EspressoSelf Cafe offers all of its beverages in the bucket. An iced latte, in particular, features six shots of espresso and costs $13. On weekends, they sell about 20 buckets a day.
Fort Worth resident Ana Ramirez said her watermelon mint Red Bull bucket helps her stay energized during her retail job’s busy back-to-school season.
Ramirez said she hasn’t tried a full vessel of coffee, but she may give it a chance in the fall if someone offers a pumpkin spice latte bucket.
“That is the only coffee that I can foresee myself drinking to the end of the bucket because a bucket is a lot,” she said. “And so just normal coffee, or normal latte, I don’t foresee myself finishing the bucket.”
Crawford recalled a woman from Oklahoma who often comes to the trailer for the coffee buckets.
“She drives that far just to come see us, so that makes us happy,” she said.
Saginaw resident Michael Johnson, who described himself as a coffee enthusiast, said he goes through a bucket of salted caramel frappe or cold brew each day, a downsizing of his usual intake of two or three 24-oz cups.
Johnson works in sales, so he relies on the beverage to help him be quick on his feet and alert, and “stay [as] upbeat as possible,” he said. A bucket lasts him anywhere from 30 minutes to three hours.
Oftentimes, he made an exception for a second bucket.
“Sometimes I stay up late playing games,” he said. “So one of them days where I’m coming off of three or four hours of sleep, a second bucket might be charged.”

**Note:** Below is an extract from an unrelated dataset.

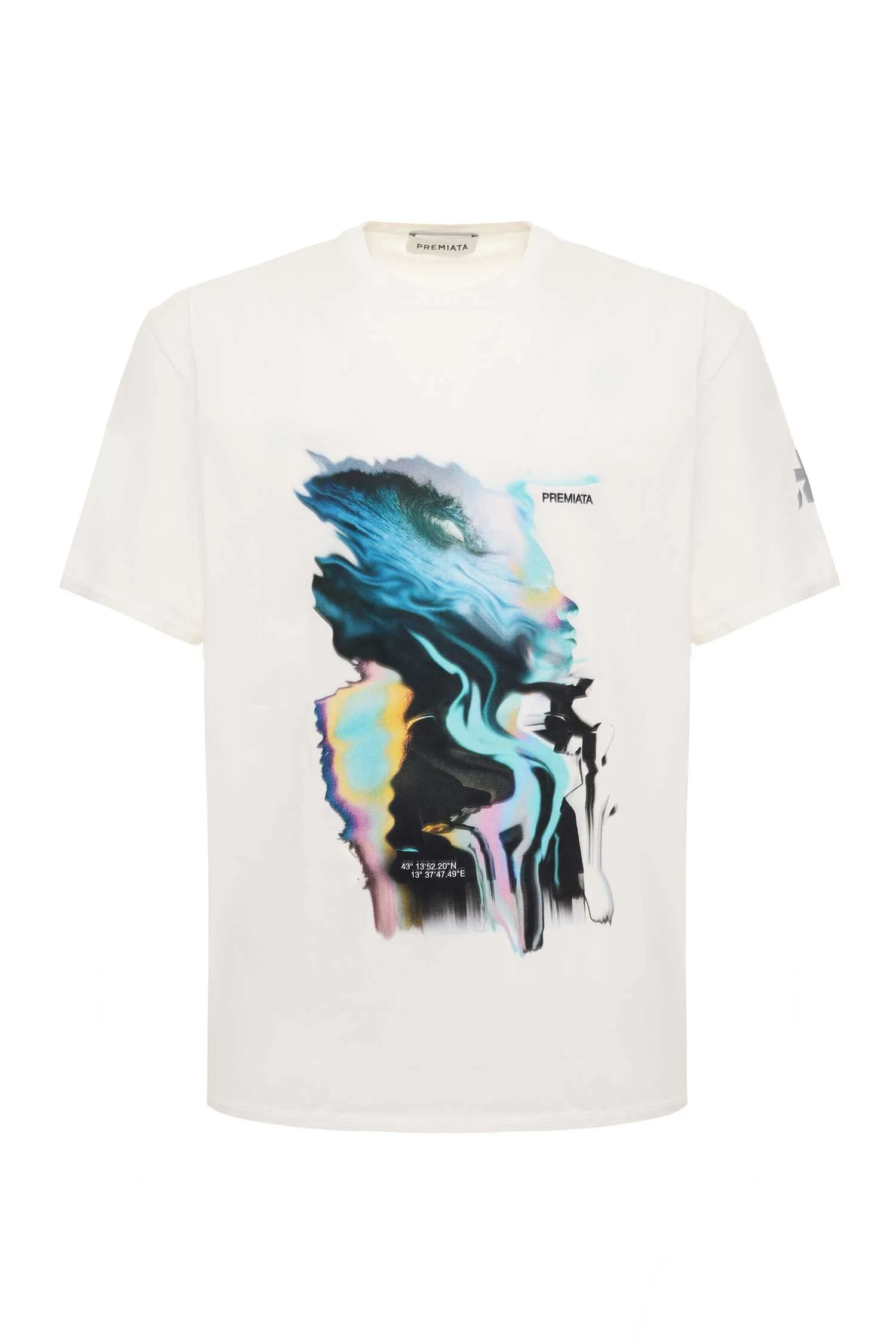 ФУТБОЛКА БЕЛАЯ, НА ГРУДИ РАЗНОЦВЕТНЫЙ РИСУНОК-ГРАФФИТИ
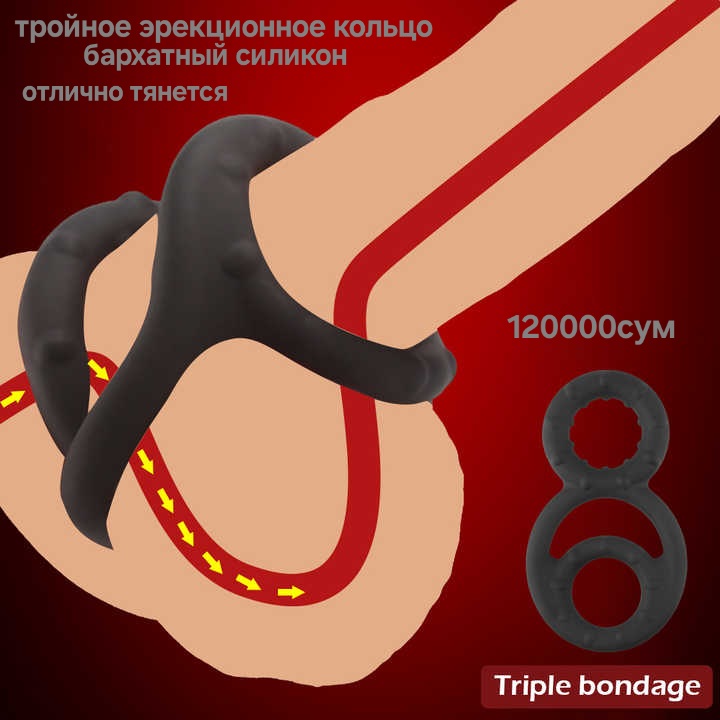 Вибратор тройной Гармошка очень мягкий и нежный Медицинский силикон

Stacie Ellis, registered dietitian and nutritionist at UTA’s Campus Recreation, said people can consume up to 400 milligrams of caffeine daily, which is equal to four eight-ounce cups of black coffee. But the amount of caffeine varies, depending on the type of coffee, how the beans were roasted or the type of energy drink.
Ellis has been concerned about people’s gradual increase in coffee consumption over the years, she said.
“There’s a reason why they market fast food because if they didn’t, people wouldn’t come and eat it,” she said. “Because deep down they know they shouldn’t eat it, but then they see all these pictures on the television and magazines and all of that. It really is powerful.”
“And unless you decide that you’re going to think for yourself, it’s very easy to get swayed to do that.”
For Beas, it’s not the marketing that draws her to the bucket, as she didn’t know about the TikTok trend. It’s also not because she really needs it to do her job.
“It’s just a drink, to be honest,” Beas said. “I enjoy the flavor of a Red Bull, so I can drink it five days a week, even if I didn’t work.”
Within three hours of purchasing, she had already drunk the whole Red Bull tub.